[Stored dataset items]

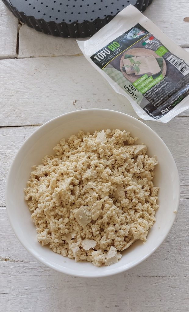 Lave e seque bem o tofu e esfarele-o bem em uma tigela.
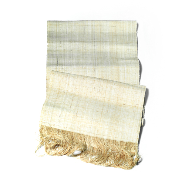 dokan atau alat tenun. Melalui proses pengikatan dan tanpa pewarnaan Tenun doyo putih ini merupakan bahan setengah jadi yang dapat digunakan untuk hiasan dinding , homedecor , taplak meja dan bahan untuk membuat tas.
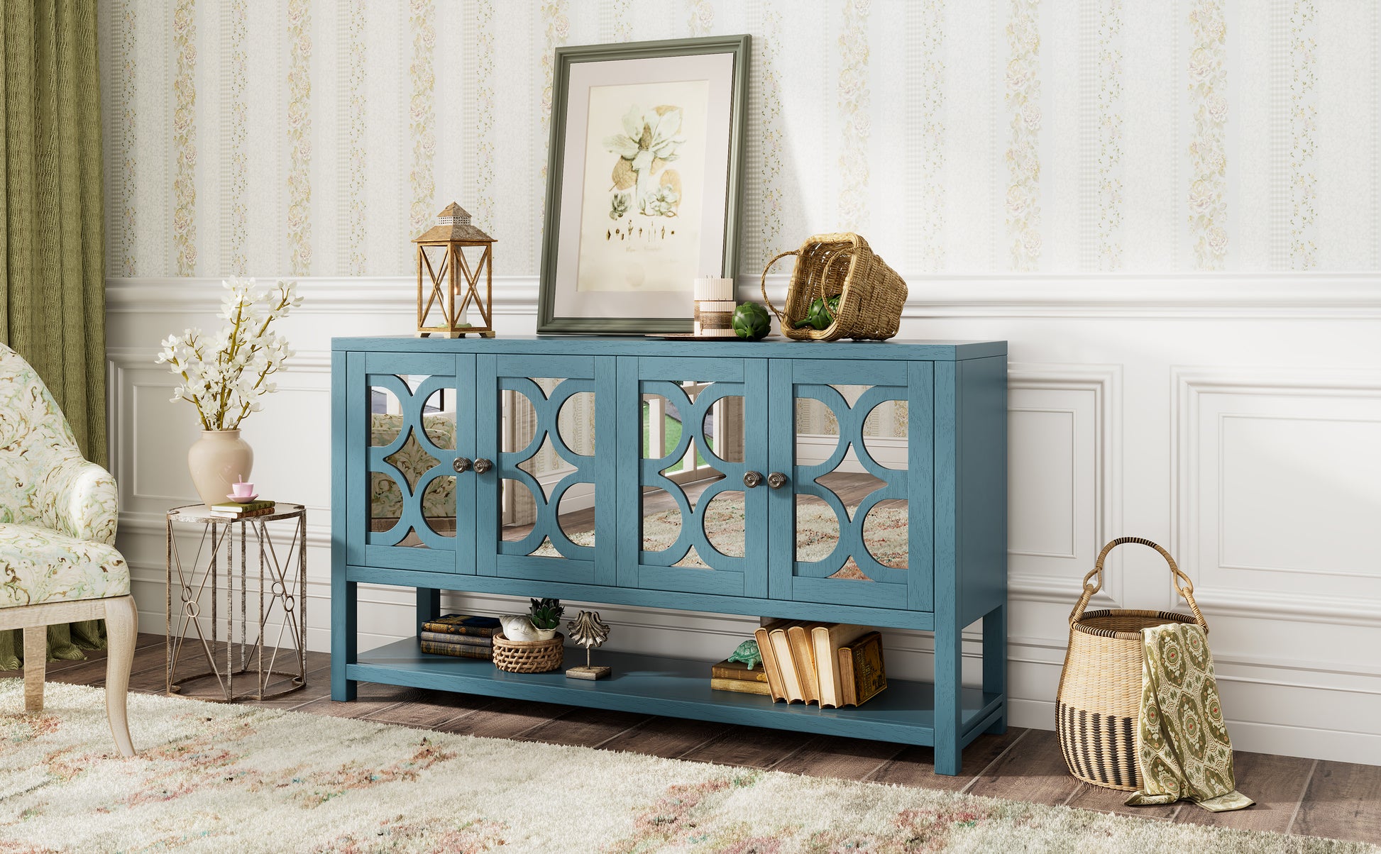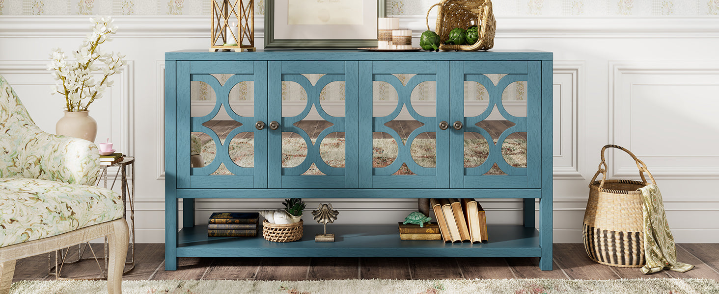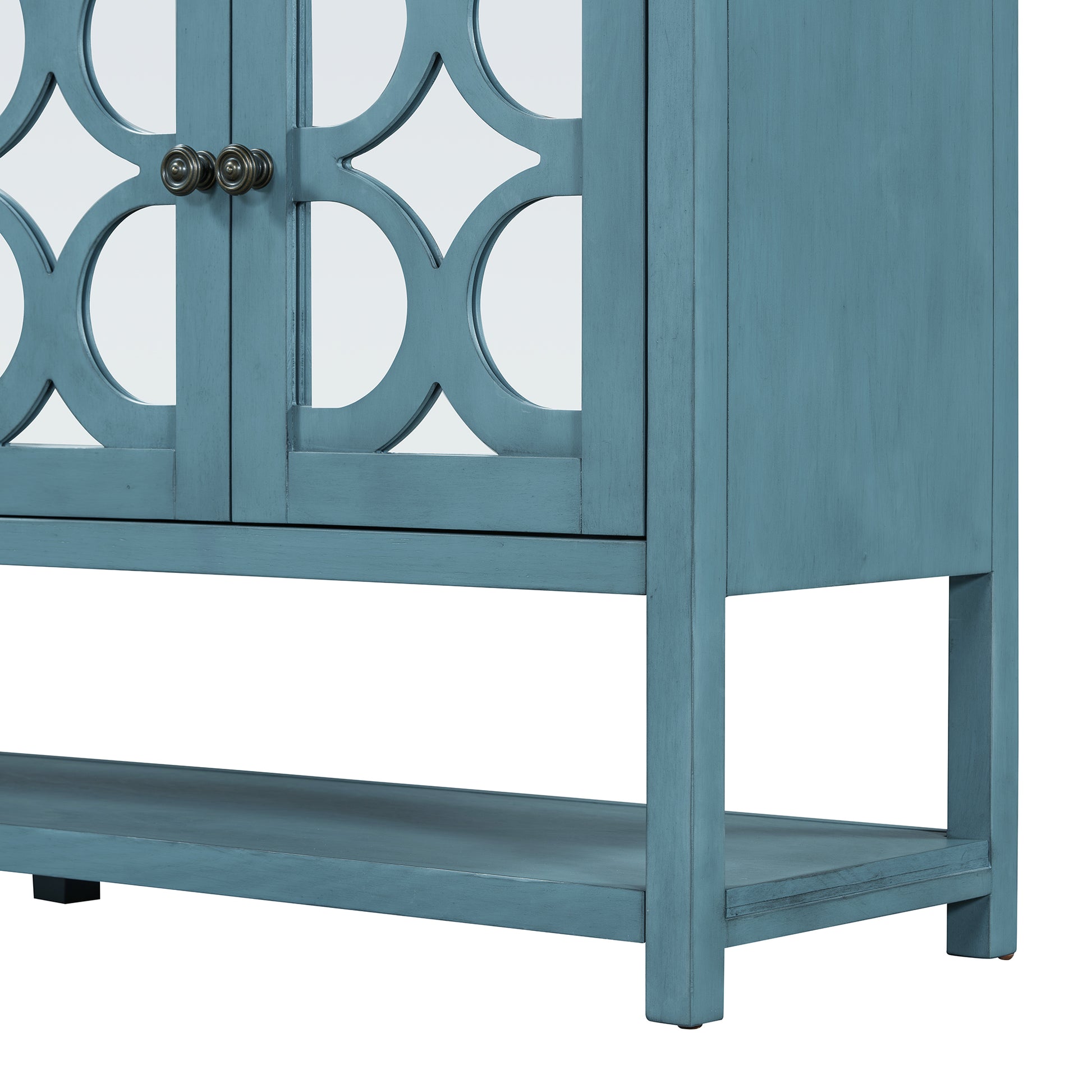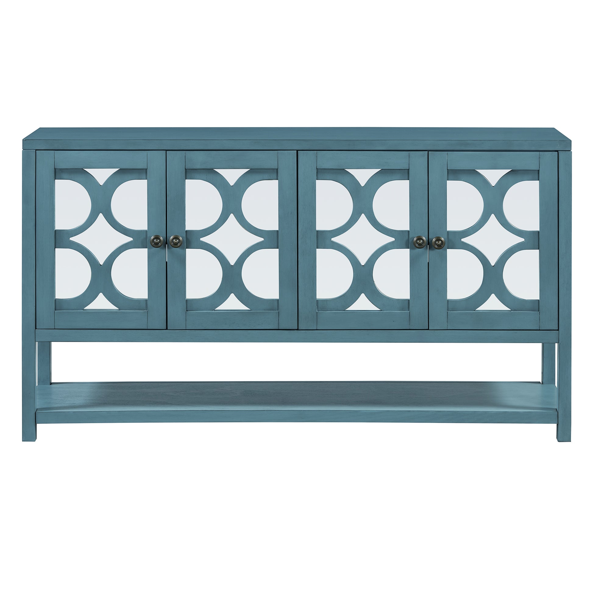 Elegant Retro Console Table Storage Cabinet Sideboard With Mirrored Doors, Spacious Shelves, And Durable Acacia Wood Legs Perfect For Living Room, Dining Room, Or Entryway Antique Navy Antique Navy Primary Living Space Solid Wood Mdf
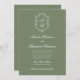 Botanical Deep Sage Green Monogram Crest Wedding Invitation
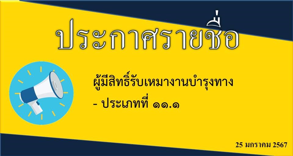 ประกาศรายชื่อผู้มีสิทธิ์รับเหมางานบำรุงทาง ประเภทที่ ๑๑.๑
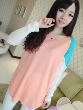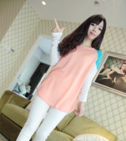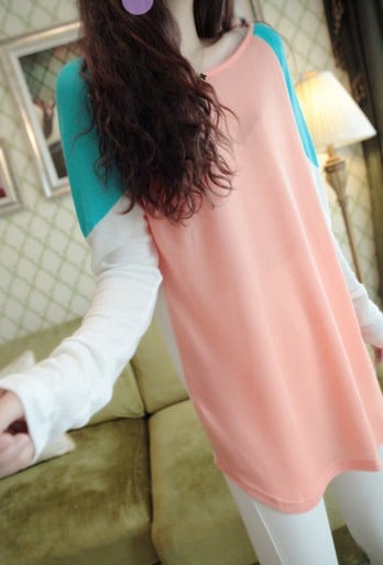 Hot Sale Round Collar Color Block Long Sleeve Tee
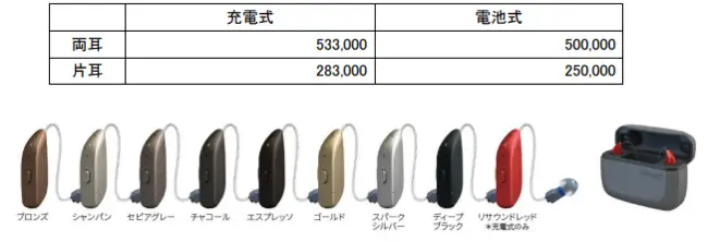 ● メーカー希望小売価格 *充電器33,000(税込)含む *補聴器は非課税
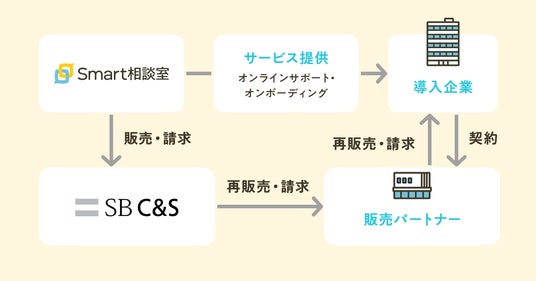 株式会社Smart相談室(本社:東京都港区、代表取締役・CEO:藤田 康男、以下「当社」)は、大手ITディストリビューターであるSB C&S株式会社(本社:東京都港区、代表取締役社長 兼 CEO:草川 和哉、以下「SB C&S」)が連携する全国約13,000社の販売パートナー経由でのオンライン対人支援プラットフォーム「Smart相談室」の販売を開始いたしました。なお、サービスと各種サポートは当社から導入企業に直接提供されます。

ABOUT THIS TASK: The answer must be an exact transcription of the lines from the one holding "ประกาศรายชื่อผู้มีสิทธิ์รับเหมางานบำรุงทาง ประเภทที่ ๑๑.๑" to the last line of the entries above, with no pictures and nothing else.

ANSWER FOR THE TASK:
 ประกาศรายชื่อผู้มีสิทธิ์รับเหมางานบำรุงทาง ประเภทที่ ๑๑.๑
 Hot Sale Round Collar Color Block Long Sleeve Tee
 ● メーカー希望小売価格 *充電器33,000(税込)含む *補聴器は非課税
 株式会社Smart相談室(本社:東京都港区、代表取締役・CEO:藤田 康男、以下「当社」)は、大手ITディストリビューターであるSB C&S株式会社(本社:東京都港区、代表取締役社長 兼 CEO:草川 和哉、以下「SB C&S」)が連携する全国約13,000社の販売パートナー経由でのオンライン対人支援プラットフォーム「Smart相談室」の販売を開始いたしました。なお、サービスと各種サポートは当社から導入企業に直接提供されます。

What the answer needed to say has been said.